APOSENTADORIA POR TEMPO DE CONTRIBUIÇÃO. TRABALHO RURAL. TRABALHO EM
CONDIÇÕES ESPECIAIS. BENEFÍCIO REVOGADO. SUCUMBÊNCIA RECÍPROCA.
- Recebidos os recursos, já que manejados tempestivamente, conforme certificado nos autos, e
com observância da regularidade formal, nos termos do Código de Processo Civil/2015.
- Inicialmente observa-se que a r.sentença não analisou o pedido constante da inicial, com
relação ao pedido de reconhecimento de tempo de serviço exercido em condições especiais.
Como é sabido, pelo princípio da congruência ou adstrição, o magistrado deve decidir a lide
dentro dos limites objetivados pelas partes, não podendo proferir sentença de forma extra, ultra
ou infra petita, conforme previsto no art. 492 do CPC. Assim, diante da ausência de análise de
um dos pedidos constantes da inicial, a sentença deveria ser anulada. No entanto,
considerando que a causa está madura para julgamento, as provas foram satisfatoriamente
produzidas, sendo observados os princípios do contraditório e da ampla defesa, com a citação
válida do ente autárquico, estando o processo em condições de imediato julgamento, passo a
apreciar o mérito, conforme autoriza o artigo 1013, § 3º, inciso III, do CPC/15.
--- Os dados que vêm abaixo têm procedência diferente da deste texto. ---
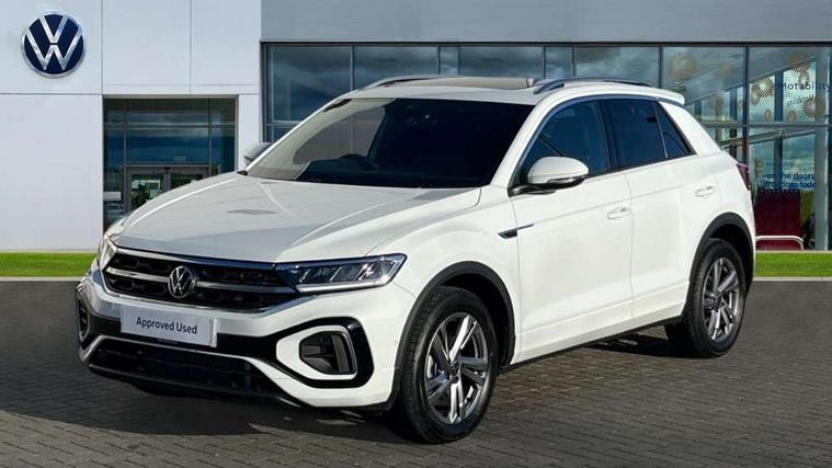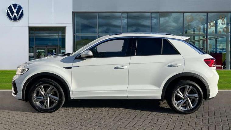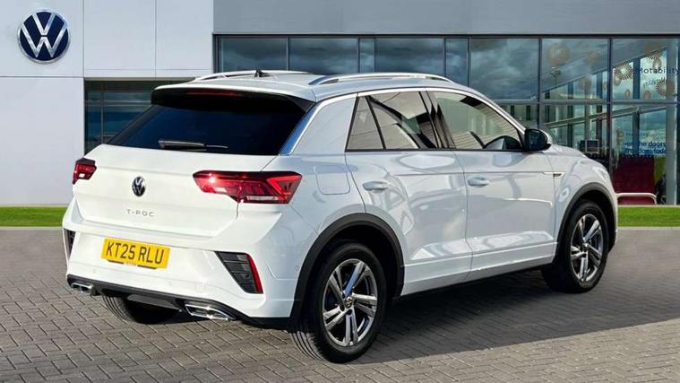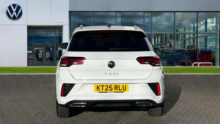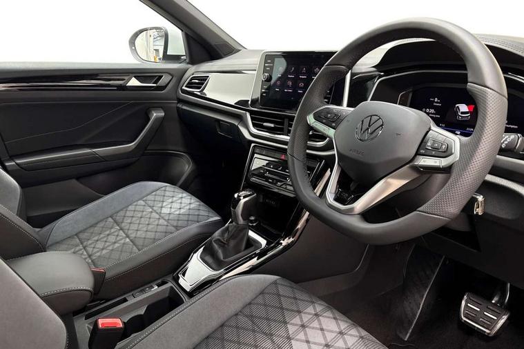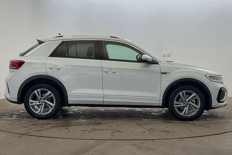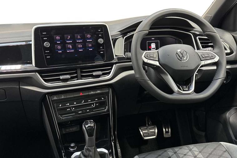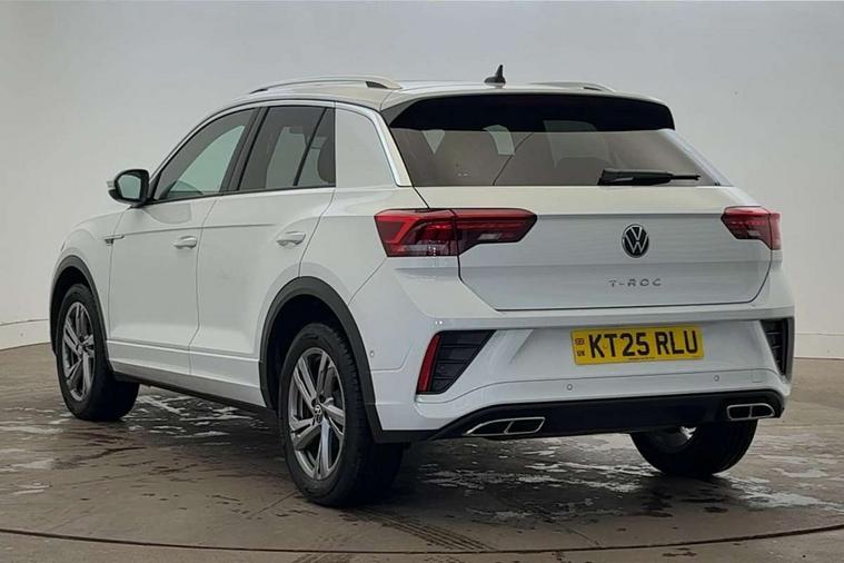 10.25" Digital cockpit pro, Advanced driver attention and drowsiness monitor, Emergency call service, Lane keeping system Lane Assist, Mobile phone interface, Modified key software - reduce switch off time for key status change to Long no motion, Online services, Park assist including front and rear parking sensors, Service interval indicator, Tailgate/trunk lid release from outside, Think blue trainer driver tips and journey analysis, Warning sound and light for front seatbelts unfastened, Wireless app connect, Battery regeneration during braking, Start/stop function with battery regeneration, DAB Digital radio, Diversity antenna for FM reception, Front and rear 6 speakers, Music playback - MP3, WMA and AAC files, Premium USB cable in choice of either Apple or Android smartphone compatibility, SD card slot, Simultaneous pairing of 2 compatible mobile devices, Title and cover art display, We Connect and We Connect Plus functionality, Auto dimming interior rear view mirror, Automatic hazard lights activation under emergency braking, Automatic headlight control with LED separate daytime running lights with coming/leaving home function, Body coloured exterior mirror housings and door handles, Electrically adjustable and heated door mirrors, Extended roof spoiler, Exterior mirrors aspherical on driver side, convex on front passenger side, External USB type C socket and charging sockets, Front windscreen wiper with intermittent wipe and 4 position delay, Heated rear window, LED 3rd brake light, LED rear combination lamps, LED rear number plate lights, Power windows with comfort operation and circuit breaker, Privacy glass for rear side windows and rear window, R-Line design body coloured bumpers, Rain sensor, Rear exhaust tailpipe, Rear fog light on one side and reversing lights on both sides, Rear side wing doors, Rear wash/wipe with intermittent wipe setting, Remote electrically foldable door mirrors, puddle lights and reverse activated passenger's door mirror, 12V power socket in centre console, 3 rear head restraints, 3 seat bench in 2nd row, 4 load lashing points in luggage compartment, Air care climatronic air conditoning system with active combination filter and 2-zone temperature control, Black roof lining, Chrome plated decorative trims, Chrome plated radiator grille inserts, air vent surrounds and light switch surrounds, Door and side trim panel with leatherette insert, Front + rear carpet mats, Front centre armrest, Front cupholders x 2, Front footwell illumination, Front reading light, Front scuff plates with R Line logo, Front seat back storage pockets, Glove compartment door with light, Instrument lighting, white adjustable panel illumination, Interior ambient lighting and surround lighting, Interior light delay, Isofix child seat preparation, Leather gearshift handle, Load-through provision with cup holder when folded down ('Unsplit rear seat bench, split folding backrest, with centre armrest), Luggage compartment lighting, Single front passenger seat, Stainless steel pedals, Storage compartment in left and right luggage area, Storage compartment in rear doors, Storage compartments in driver and front passenger doors, Sunvisors with illuminated vanity mirrors, Variable boot floor, height adjustable and removable, Driver assistance pack without proactive passenger protection - T-Roc, 3 point height adj front seatbelts + pretensioners, 3 point seatbelts in outer rear with ECE label, ABS, Child locks on rear doors, City emergency braking and pedestrian monitoring, Driver and front passenger airbag with front passenger airbag deactivation, Driver and front passenger safety-optimised head restraints, Drivers seatbelt reminder, Electronic parking brake, Electronic Stability Control (ESC) inc EDL (Electronic Differential Lock) and ASR (Traction Control), Front and rear passengers curtain airbag system including front side airbags, Hill start assist, Predictive pedestrian protection, Rear disc brakes, Two tone horn, Tyre pressure loss indicator, Volkswagen roadside assistance, Piano black decorative inserts in dashboard and front door trim panels, Trims for alloy wheels,

- A aposentadoria por tempo de contribuição integral, antes ou depois da EC/98, necessita da
comprovação de 35 anos de serviço, se homem, e 30 anos, se mulher, além do cumprimento da
carência, nos termos do art. 25, II, da Lei 8213/91. Aos já filiados quando do advento da
mencionada lei, vige a tabela de seu art. 142 (norma de transição), em que, para cada ano de
implementação das condições necessárias à obtenção do benefício, relaciona-se um número de
Jurisprudência/TRF3 - Acórdãos
meses de contribuição inferior aos 180 exigidos pela regra permanente do citado art. 25, II. O
art. 4º, por sua vez, estabeleceu que o tempo de serviço reconhecido pela lei vigente deve ser
considerado como tempo de contribuição, para efeito de aposentadoria no regime geral da
previdência social (art. 55 da Lei 8213/91).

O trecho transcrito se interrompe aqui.